Genetic influences on cognitive executive functions and related phenotypes

Principal Investigator: Dr Naomi Friedman
Approved Research ID: 24795
Approval date: January 15th 2017

Lay summary

We are interested in genetic associations between cognitive executive functions and behavior. Executive function deficits have been implicated in almost every form of psychopathology, and some of our research suggests these deficits relate to variance common across psychiatric symptoms. However, the extent to which these relations are genetic is not well established. The aim of this study is to evaluate the genetic influences on behavioral and neural measures related to executive functions and the extent to which these are shared with those for general cognitive ability, general and specific psychopathology, risky and sexual behaviors, and behavior problems more generally. Executive functions have been implicated in common psychiatric disorders, general health (diet, exercise, and sleep), and potentially harmful behaviors related to externalizing disorders (substance use, aggression, sexual behaviors, and risk-taking). Indeed, they have been proposed as endophenotypes for many disorders. However, the extent to which these links are genetic is not clear, nor are the neural substrates of individual differences in these abilities and behaviors. The UKbiobank data will allow new analyses of the nature of these relations, which can lead to a greater understanding of these cognitive abilities and related health outcomes. We will create composites of general intelligence, executive functions, and self-report psychosocial and health behaviors.

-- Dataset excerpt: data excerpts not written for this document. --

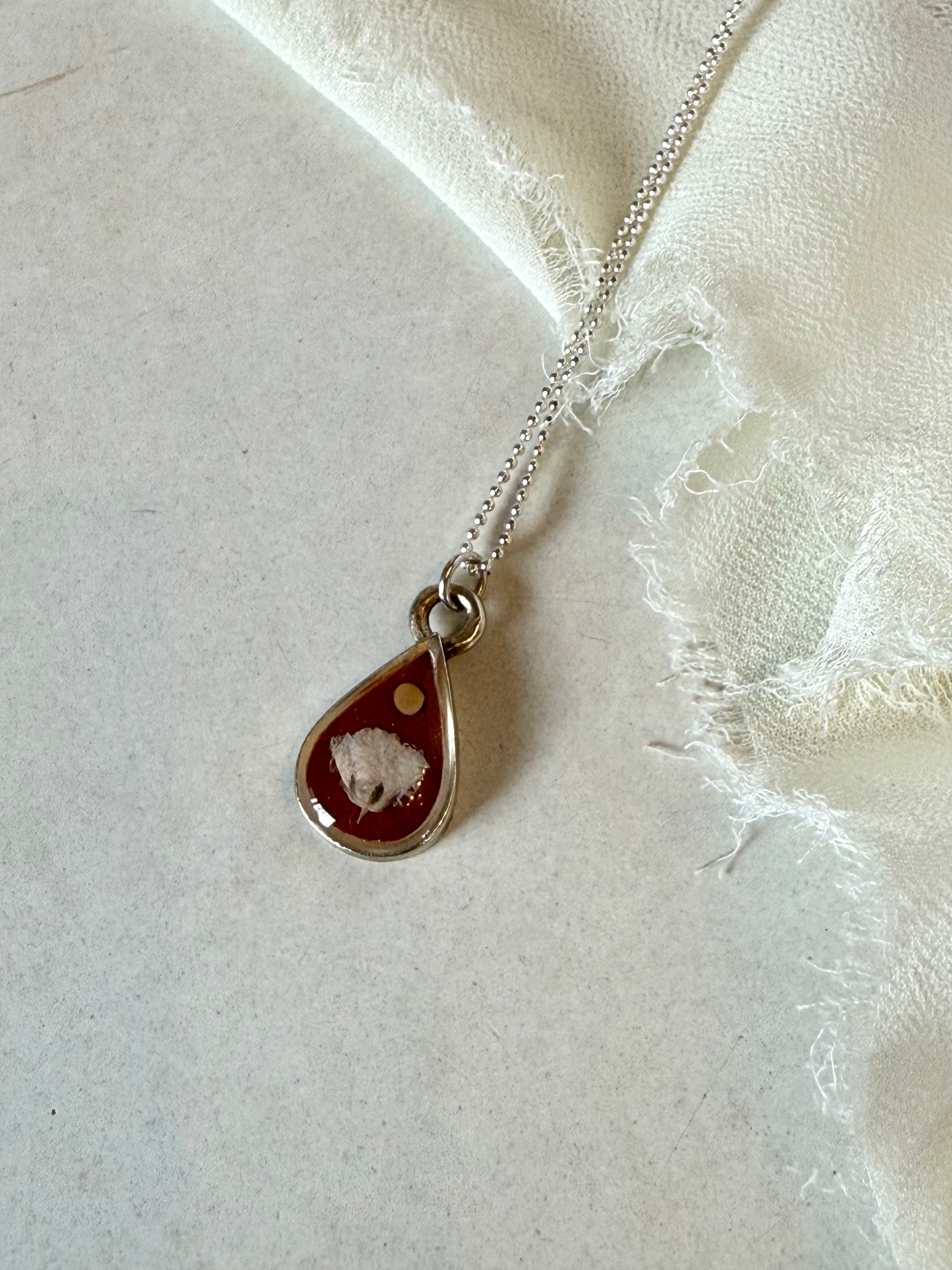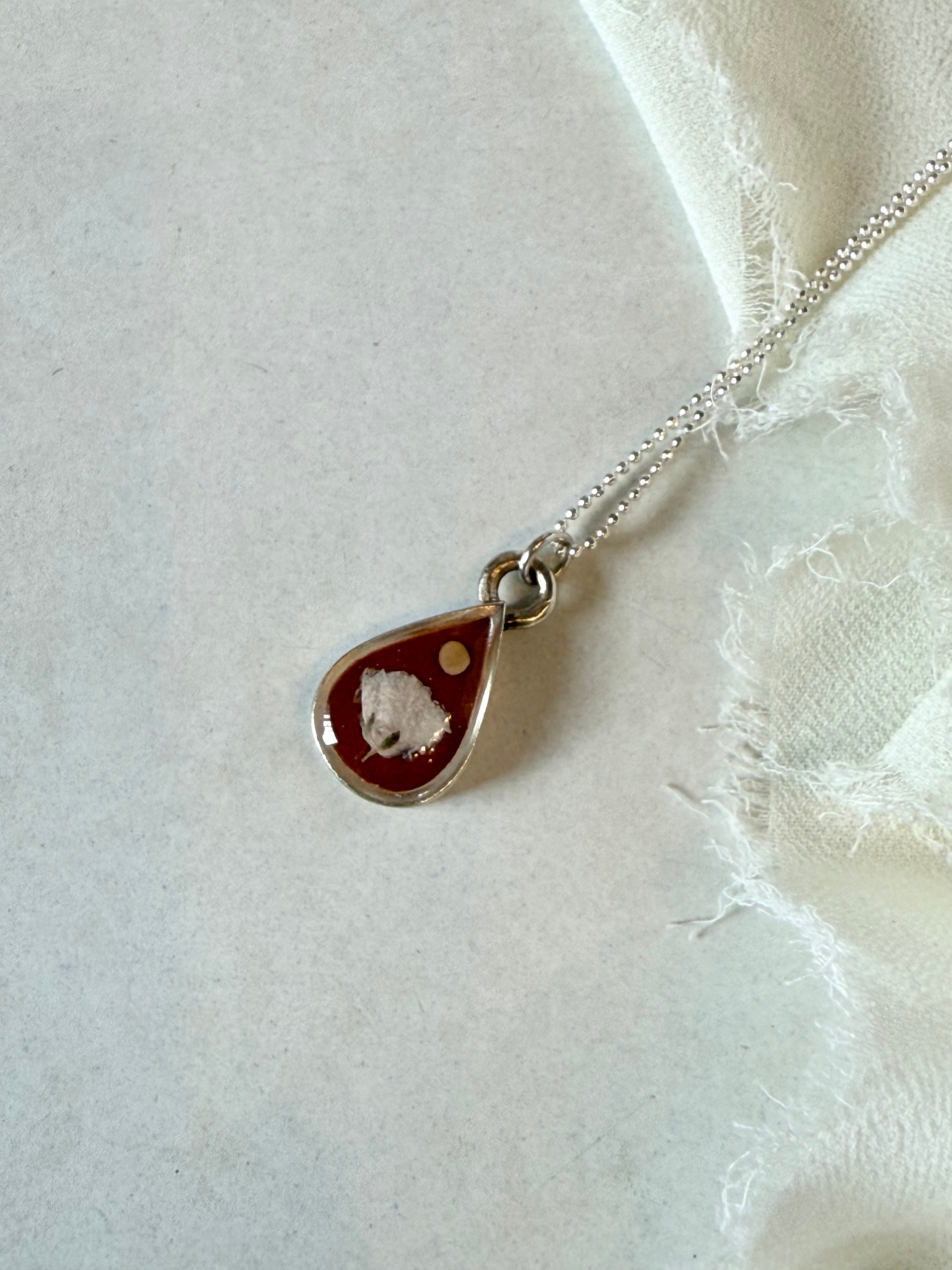 Teardrop Silver + Burgundy Mustard Seed QAL Necklace by Rebecca Noel Designs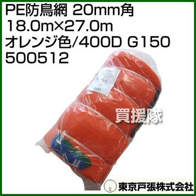 東京戸張 PE防鳥網 20mm角 18.0m×27.0m [オレンジ色/400D] G150 500512 [カラー:オレンジ]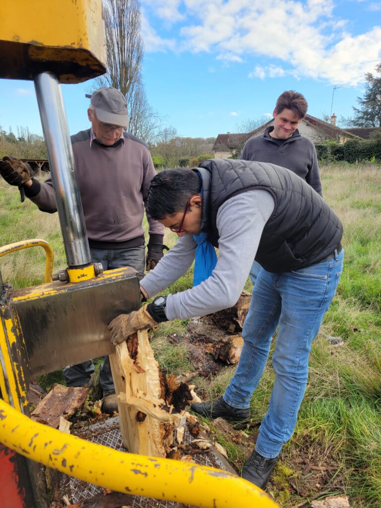 18 novembre 2025 : Grâce à notre ami agriculteur, activité « fendage » (troncs de nos peupliers)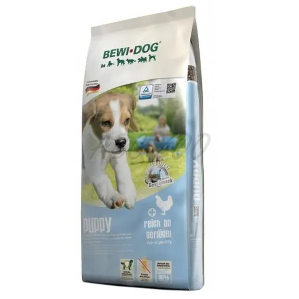 BEWI DOG PUPPY je kompletné krmivo pre šteňatá všetkých plemien do 4 mesiacov, aj na ďalší odchov mladých psov malých a stredne veľkých plemien. Vysoký obsah bielkovín pomáha budovať svaly, obsah hydiny pomáha k zdravému tráveniu. Celkovo posilňuje imunitu.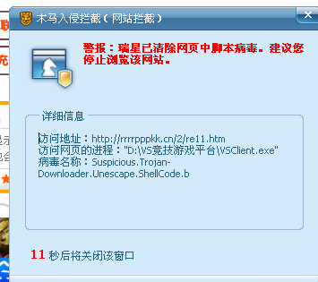 为什么我一登陆VS平台,瑞星就报毒呢?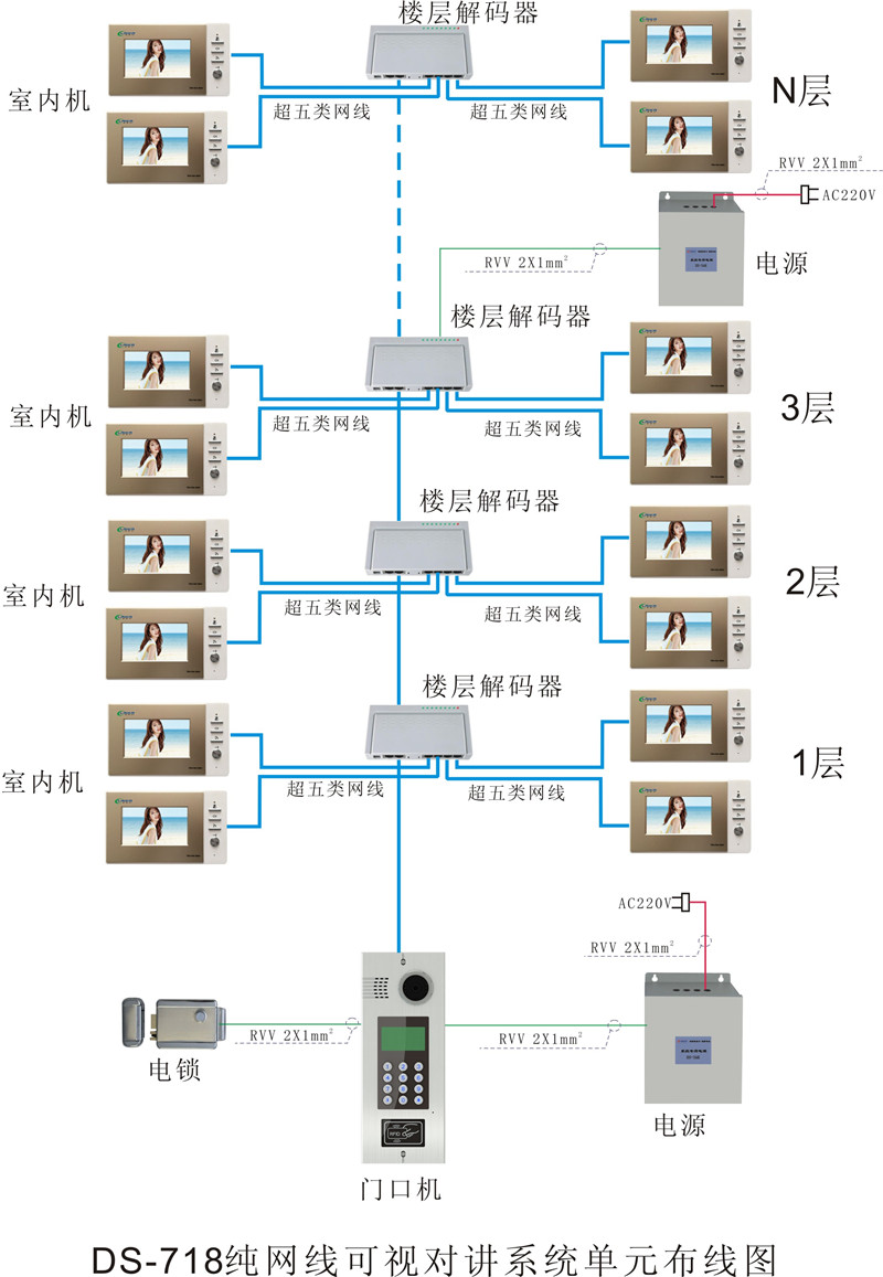 • DS-718網線可視對講系統聯網布線圖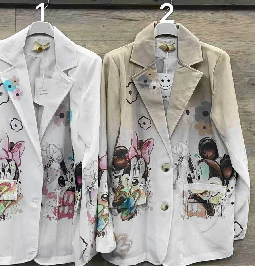 Das Highlight ist das künstlerische Cartoon-Design mit farbigen Akzenten, das dem Blazer einen einzigartigen Look verleiht und garantiert alle Blicke auf sich zieht. Die aufgesetzten Taschen, das Reverskragen-Design und die Knopfleiste sorgen dabei für den typischen Blazer-Style – nur eben mit besonderem Twist.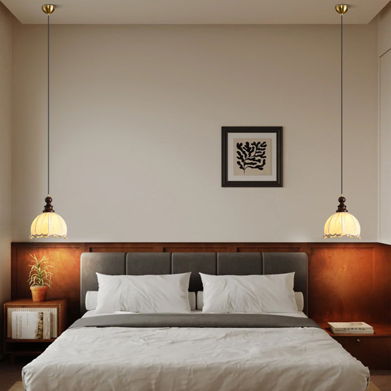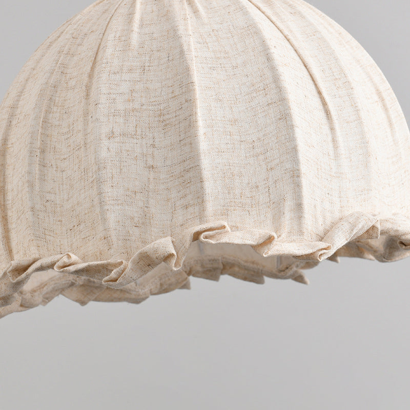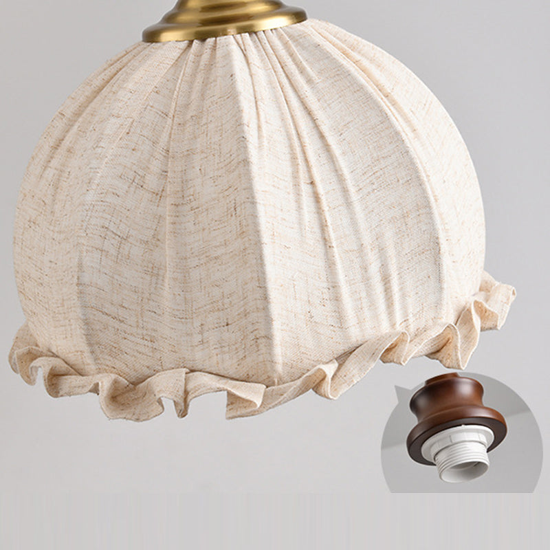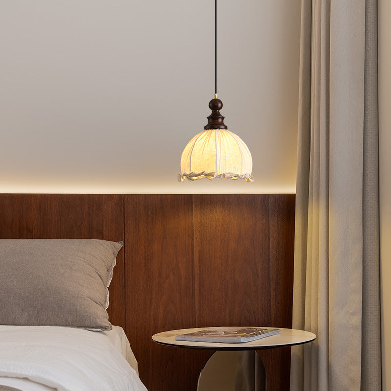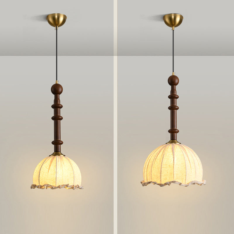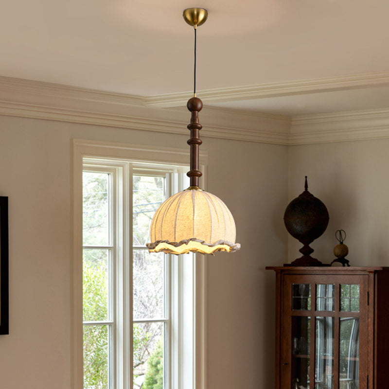 Traditional Vintage Dome Cylinder Lace Fabric Shade Wood Hardware Frame 1-Light Pendant Light For Living Room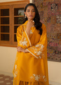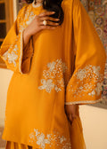 Silk based matching set in honey mustard color shows off scattered asymmetric floral motifs detailed entirely by hand in a mix or silver and pearl adornments. Paired with an organza matching dupatta with handworked frame of sparkling swarovskis!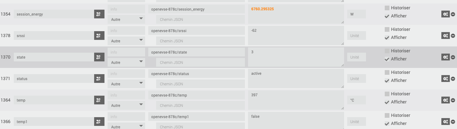 au dessus on voit la valeur en Watt que j’aimerais convertir en KW sur le virtuel.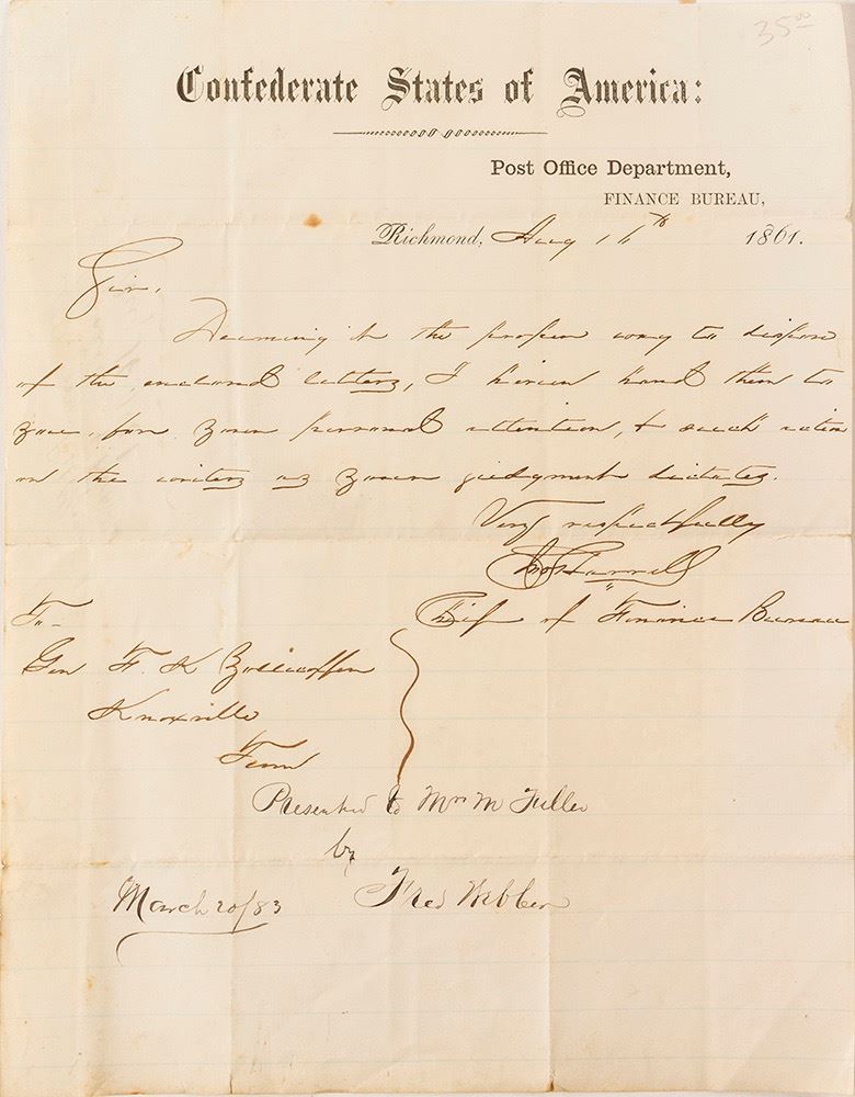 CSA finance bureau letterhead Aug. 11, 1861. Recipient is in Knoxville TN.

We will use fMRI resting state correlation matrices to create a measure of task-positive to task-negative network connectivity and graph theoretic measures. We will then use genetic data to investigate whether certain genetic variants predict these measures, how well we can predict these measures by considering all genetic data simultaneously, and how these measures genetically correlate with each other. Our methods require large samples; we would like access to all whole genome genotyped data.